Talking is crucial. For, once a loved is actively ill, the situation can move, quickly, into crisis. It may, at that point, prove difficult to have a conversation, let alone make a plan. While you are able to enjoy conversation together, make it a practice to have what I call “the hard talks”. For example, share information, with each other --even if it is awkward-about financial situations. Ask each other: do you have a living will? A durable power of attorney? A cemetery plot?

When a loved one is taken ill without the benefit of conversation, it is a terrible, gut wrenching predicament. In an emergency, knowing what a loved one would want can be impossible. The internal questions fly: How do I know what to do? What will my parent want? How do I handle the emotional stress?

At every emergency-whether in my congregational family or my personal life-I wish I could snap my fingers and make the pain go away. But I cannot. I can only make suggestions, and offer guidance. In an emergency, remember that you are not alone. There are many resources at your disposal. Use the assets of this community-even if your parent is in another city. Let Jewish Family and Children's Service help you answer some of your basic questions.

Of course, please call the Temple. Let the Temple-your rabbis, your community-- be a support to you. Nourish your spirit: reach out to God, in prayer, in conversation, in anger, and fear. Understand that the physical, emotional and spiritual stress is enormous-and take of yourself. Only by taking care of yourself will you continue to be a good caregiver. Importantly, know your limits as a caregiver. By knowing yourself-your limits, what helps you stay balanced emotionally and spiritually you will be able to make it through the crisis situation. As the situation continues, you may even need to find new ways to recharge your emotional and spiritual batteries.

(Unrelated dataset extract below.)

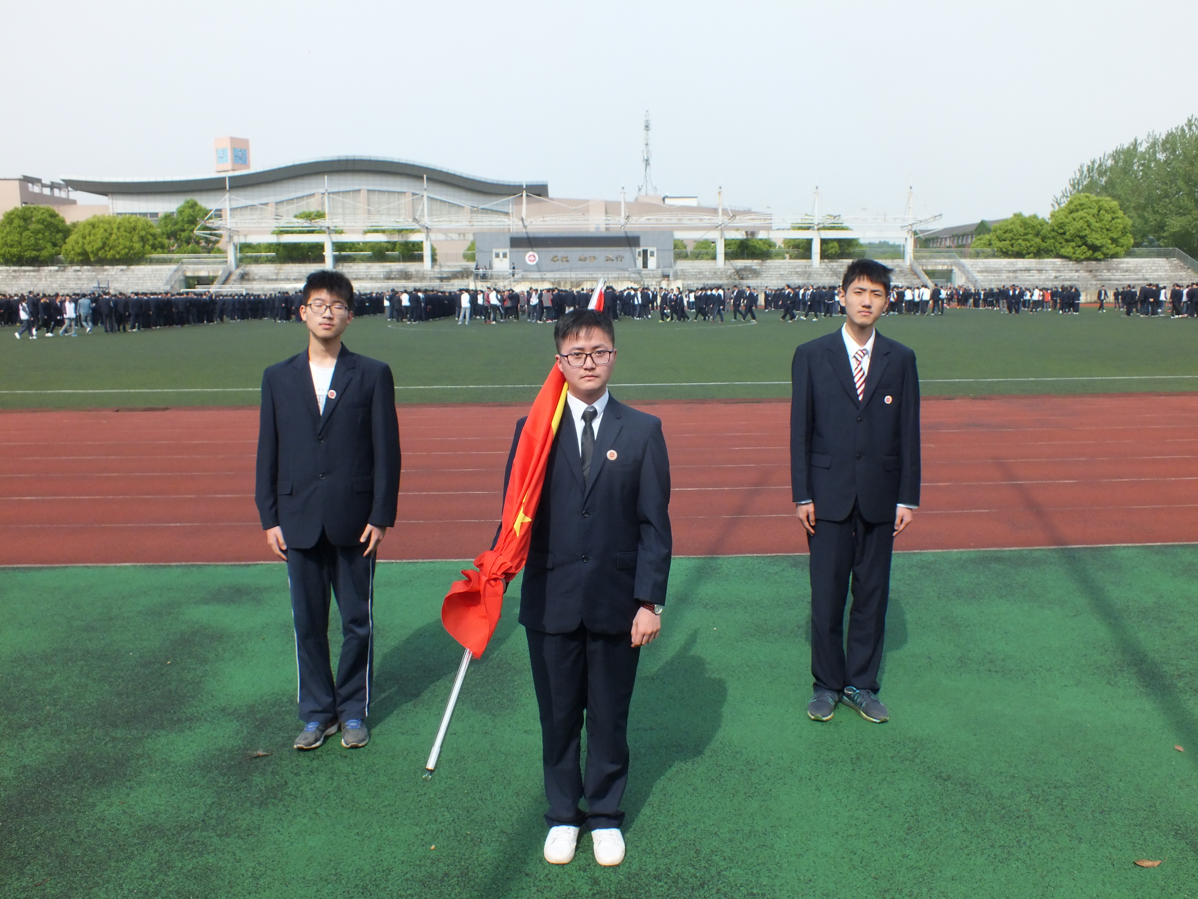 第五屆學生校長助理黃(huáng)子(zǐ)沐同學擔任旗手。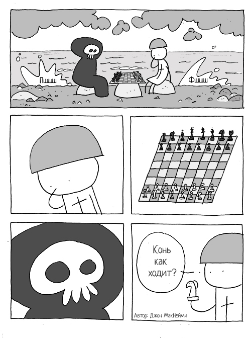 Как ни странно, Смерть не особенно разозлился. Злость – это эмоция, но для эмоций требуются железы, а Смерти железы ни к чему, поэтому ему нужно было очень уж завестись, чтобы разозлиться. Но легкое раздражение он все же испытал. Он снова вздохнул. Люди не раз пытались проделать подобные штучки. С другой стороны, за этим довольно интересно наблюдать, и, по крайней мере, данный фокус был чуть более оригинальным, чем обычная символическая игра в шахматы, которой Смерть всегда побаивался, поскольку никак не мог запомнить, как ходит конь.

The emergency situation is overwhelming for many. That is why the conversations I encourage are so important. Of course, they are difficult: who wants to face them? But when we do we will be rewarded by an enriched relationship; secure that our parents are being well cared for. Rabbi Eliezer Diamond teaches: “ Most important to remember is that by providing care and hospitality to our aging parents, we mirror the act of making a place for the Creator of Every Living Thing in our hearts and homes.” In other words, by ensuring the needs of our parents are met, we encourage God's indwelling presence, the Shechinah, to dwell among us.

Our tasks are hard. But, they are holy. The fifth commandment continues, in part: “Honor your father and your mother, that you may long endure and fare well. . . ” By caring for our parents with kindness, compassion, and openness, we ensure that we, too, will fare well, secure in the safety and well being of our parents.

The book of Sirach, while not included in the biblical canon was widely known around the second century BCE. He created an extended poem about the fifth commandment. In part, it reads as follows:

O son, help your father in his old age,
And do not grieve him as long as he lives;
Even if he is lacking in understanding, show forbearance
In all your strength do not despise him.

Sirach cut to the core of the difficult times of caring for an elderly, and/ or ill parent. He understood that the time and emotional commitment could be overwhelming. He understood that grief is an inherent part of watching someone age, and change. As our parents age, we, too, will face these issues. We must be ready to deal with them, so that the blessings they gave us-the gift of life-can be shared.